══ THE DATA ══

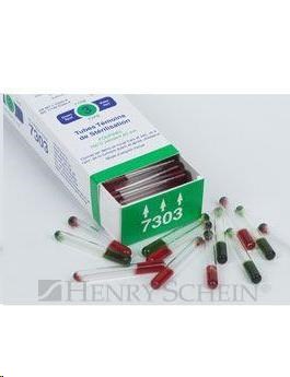 Sklenené trubičky s indikátorom horúcovzdušnej sterilizácie. Tekutina v trubičke, ktorá zatiaľ nebola použitá, má červenú farbu. Počas sterilizačného cyklu sa farba tekutiny mení z červenej cez oranžovú na zelenú.
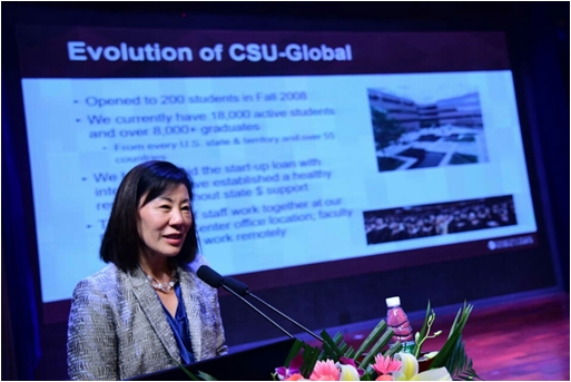 美国科罗拉多州立大学校长Becky Takeda-Tinker博士介绍了目前美国在线高等教育的发展趋势和研究成果,分享了科罗拉多州立大学关于在线教育的线下服务、信息系统建设、学生完课率、学习质量、教学评估等多方面的实践经验。他认为,在线课程的完善和课堂教学的进步是一个互相促进的过程,这种促进对课程质量的提高有非常大的帮助。
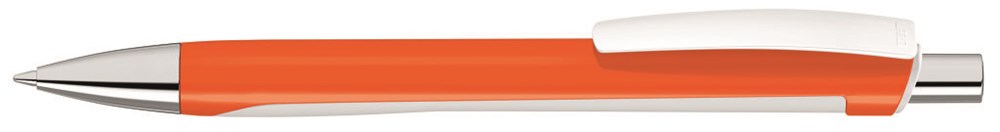 Druckkugelschreiber mit zweigeteiltem Schaft aus gedeckt glänzender Vorderseite und weiß gummierter Softtouch-Rückseite. Clip in gedeckt weiß. Spitze und Drücker silber glanzverchromt.
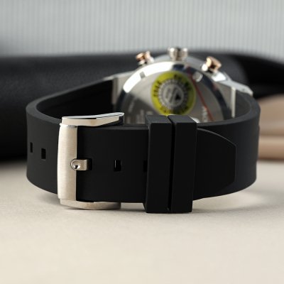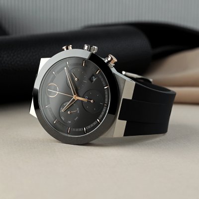 Questo orologio Movado ha una cassa in Inox con un diametro di 44 mm ed è dotato di un cinturino in gomma. All'interno della cassa si trova un movimento di Ronda e l'orologio è dotato di un cristallo di K1 Minerale.
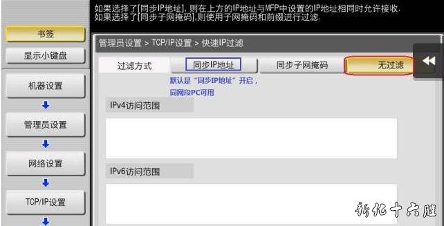 4,选择“无过滤”按OK键即可(默认是“同步IP地址”) 柯美复印机网络打印无响应 设置完成即可。
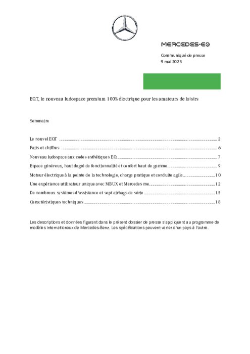 Constructeurs 16 mai 2023 - 14:01 Version 100% électrique du ludospace Classe T, le nouvel EQT séduit par sa polyvalence et ses équipements haut de gamme. Idéal pour une utilisation au quotidien grâce à un moteur électrique moderne et des options de charge flexibles. PDF (277 Ko) Télécharger
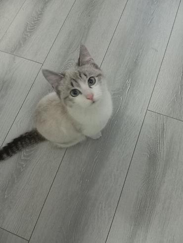 Котёнок с ярко-розовым носиком и выразительными голубоватыми глазами. Окрас поинтовый: светлое кремово-белое тело, серо-пепельные уши и маска, тёмно-полосатый хвост. Мягкая короткая шерсть, аккуратные белые лапы. Компактное телосложение, пропорциональная голова с чёткими тёмными отметинами над глазами. Спокойный, ориентирован на человека, легко идёт на контакт, внимательно реагирует на голос. Подходит для домашнего содержания в квартире: аккуратен, любопытен, любит сидеть рядом и наблюдать. Отличный друг для семьи, создаёт уют и быстро привыкает к новому пространству.

═══

When copying the listing, skip the pictures and keep each line exactly as written.

 Sklenené trubičky s indikátorom horúcovzdušnej sterilizácie. Tekutina v trubičke, ktorá zatiaľ nebola použitá, má červenú farbu. Počas sterilizačného cyklu sa farba tekutiny mení z červenej cez oranžovú na zelenú.
 美国科罗拉多州立大学校长Becky Takeda-Tinker博士介绍了目前美国在线高等教育的发展趋势和研究成果,分享了科罗拉多州立大学关于在线教育的线下服务、信息系统建设、学生完课率、学习质量、教学评估等多方面的实践经验。他认为,在线课程的完善和课堂教学的进步是一个互相促进的过程,这种促进对课程质量的提高有非常大的帮助。
 Druckkugelschreiber mit zweigeteiltem Schaft aus gedeckt glänzender Vorderseite und weiß gummierter Softtouch-Rückseite. Clip in gedeckt weiß. Spitze und Drücker silber glanzverchromt.
 Questo orologio Movado ha una cassa in Inox con un diametro di 44 mm ed è dotato di un cinturino in gomma. All'interno della cassa si trova un movimento di Ronda e l'orologio è dotato di un cristallo di K1 Minerale.
 4,选择“无过滤”按OK键即可(默认是“同步IP地址”) 柯美复印机网络打印无响应 设置完成即可。
 Constructeurs 16 mai 2023 - 14:01 Version 100% électrique du ludospace Classe T, le nouvel EQT séduit par sa polyvalence et ses équipements haut de gamme. Idéal pour une utilisation au quotidien grâce à un moteur électrique moderne et des options de charge flexibles. PDF (277 Ko) Télécharger
 Котёнок с ярко-розовым носиком и выразительными голубоватыми глазами. Окрас поинтовый: светлое кремово-белое тело, серо-пепельные уши и маска, тёмно-полосатый хвост. Мягкая короткая шерсть, аккуратные белые лапы. Компактное телосложение, пропорциональная голова с чёткими тёмными отметинами над глазами. Спокойный, ориентирован на человека, легко идёт на контакт, внимательно реагирует на голос. Подходит для домашнего содержания в квартире: аккуратен, любопытен, любит сидеть рядом и наблюдать. Отличный друг для семьи, создаёт уют и быстро привыкает к новому пространству.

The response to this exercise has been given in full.